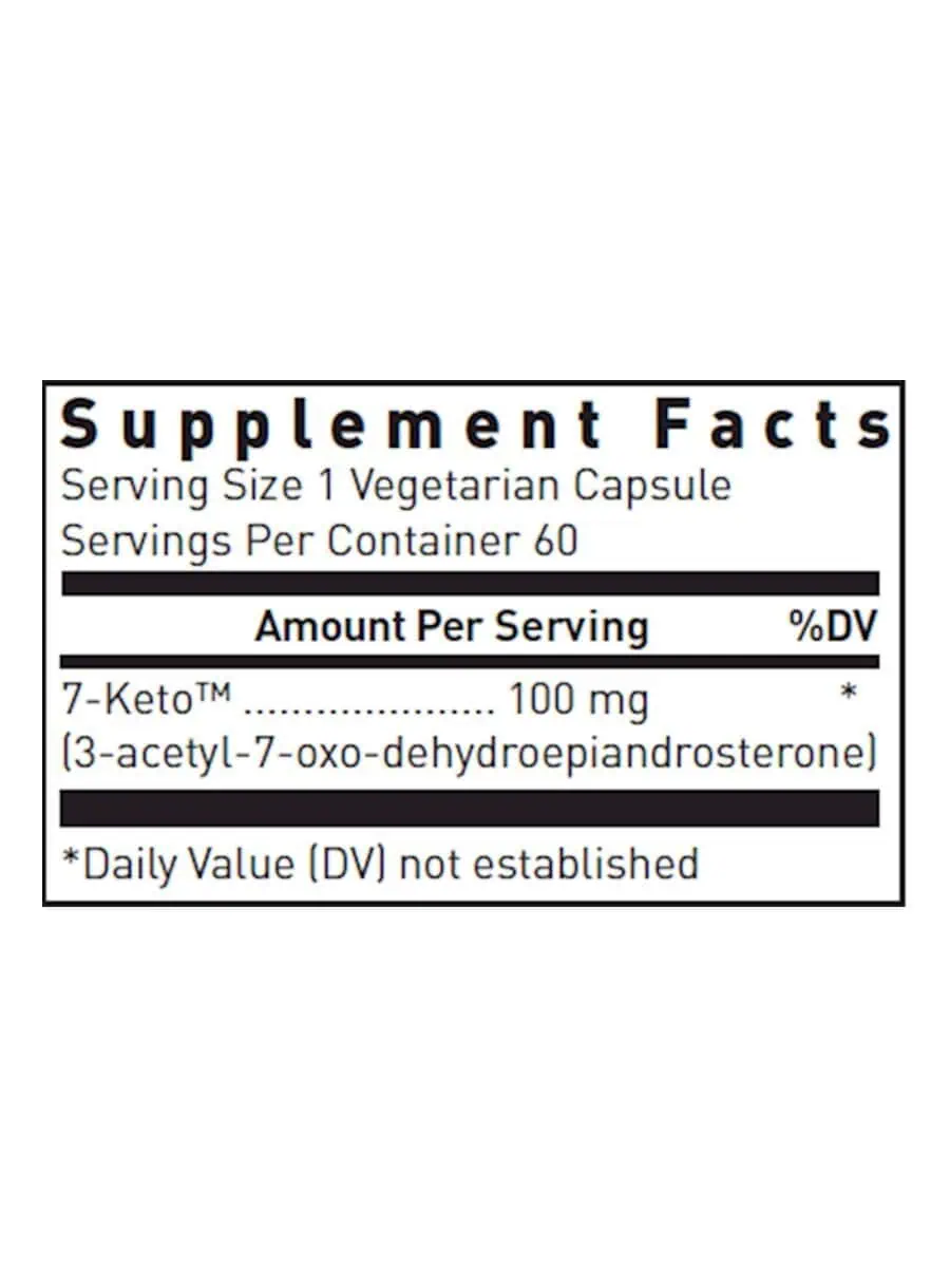 7-Keto — Each capsule provides 100 mg of 3-acetyl-7-oxo dehydroepiandrosterone, a natural, non-steroidal metabolite of DHEA. Unlike DHEA, 7-Keto cannot convert back into DHEA in the body, making it a unique option for those looking to support metabolic activity. Studies suggest that 7-Keto may help activate thermogenic enzymes, potentially aiding in weight management and energy levels.
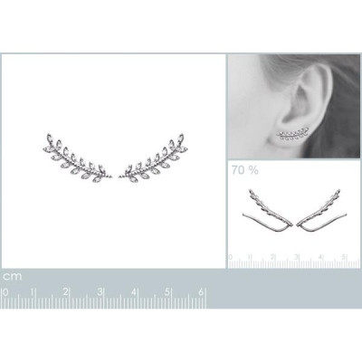 Nouveau Contours d'oreilles 20 mm feuilles laurier - Imene - argent 925 rhodié - zircons
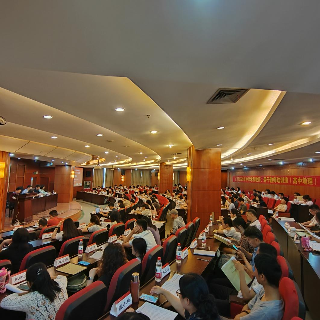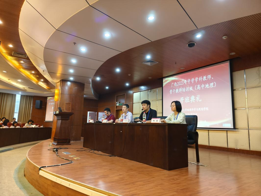 4月23日,由 成人影视片 协办的广西2025年中学学科教师、骨干教师培训班(高中地理)在明秀校区图书馆三楼报告厅顺利开班, 成人影视片 副院长罗国玮、院长助理卢炳雄、地理科学系副主任韦晨、刘立昌副教授以及来自广西全区各市的146名高中地理学科教师、骨干教师出席开班仪式。
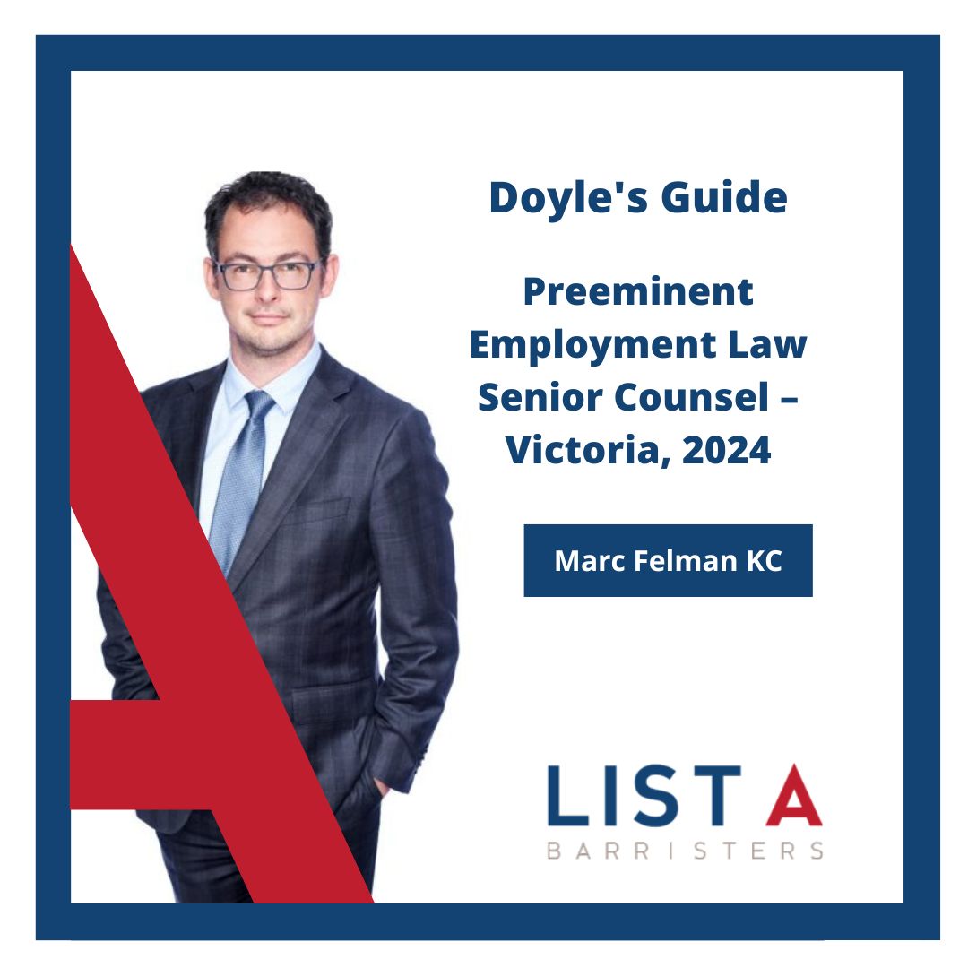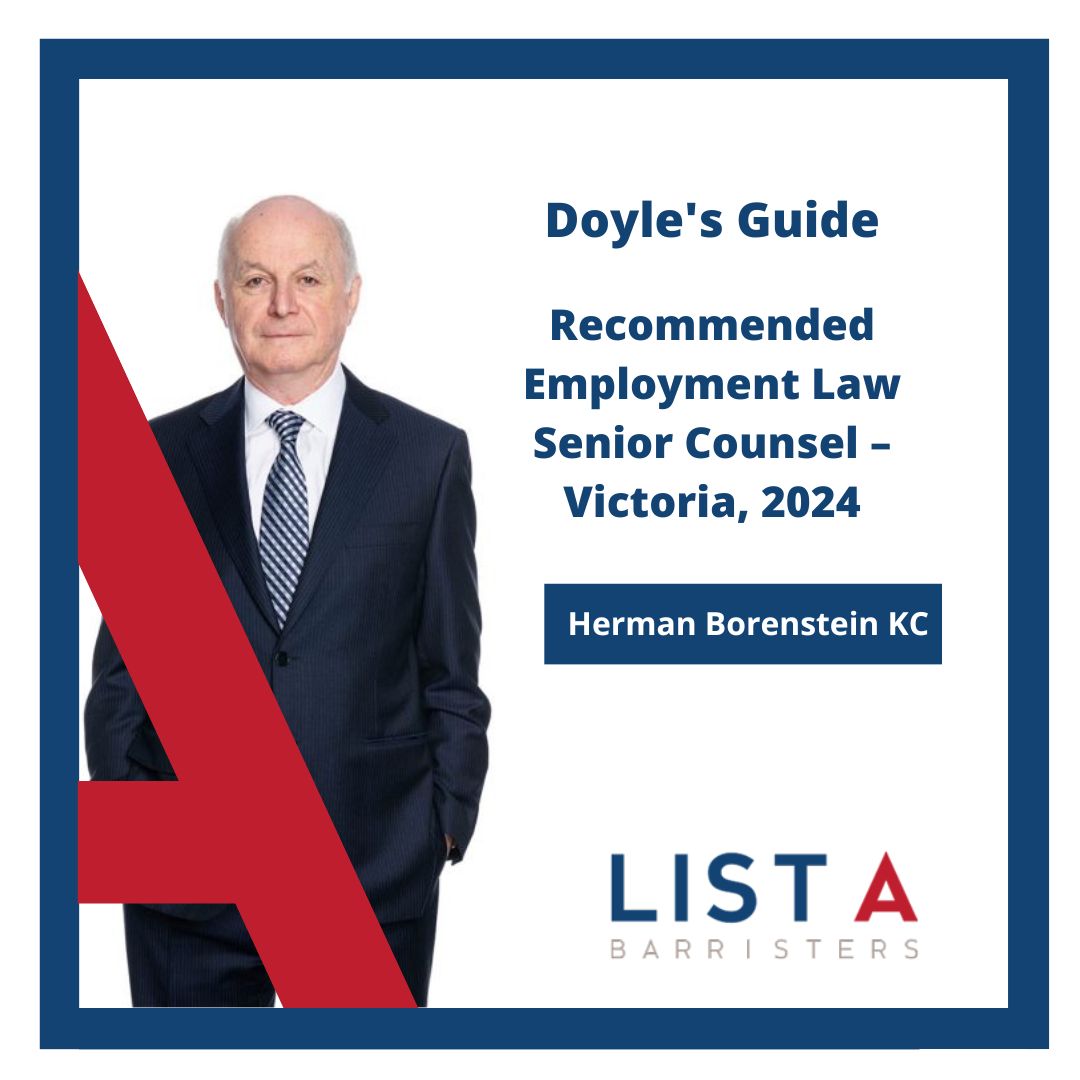 List A congratulates Herman Borenstein KC and Marc Felman KC on being named by Doyle’s Guide as leading employment law Senior Counsel in Victoria in 2024.

Problem requirements
Copy the material above word for word, images excluded.

Exercise output
 7-Keto — Each capsule provides 100 mg of 3-acetyl-7-oxo dehydroepiandrosterone, a natural, non-steroidal metabolite of DHEA. Unlike DHEA, 7-Keto cannot convert back into DHEA in the body, making it a unique option for those looking to support metabolic activity. Studies suggest that 7-Keto may help activate thermogenic enzymes, potentially aiding in weight management and energy levels.
 Nouveau Contours d'oreilles 20 mm feuilles laurier - Imene - argent 925 rhodié - zircons
 4月23日,由 成人影视片 协办的广西2025年中学学科教师、骨干教师培训班(高中地理)在明秀校区图书馆三楼报告厅顺利开班, 成人影视片 副院长罗国玮、院长助理卢炳雄、地理科学系副主任韦晨、刘立昌副教授以及来自广西全区各市的146名高中地理学科教师、骨干教师出席开班仪式。
 List A congratulates Herman Borenstein KC and Marc Felman KC on being named by Doyle’s Guide as leading employment law Senior Counsel in Victoria in 2024.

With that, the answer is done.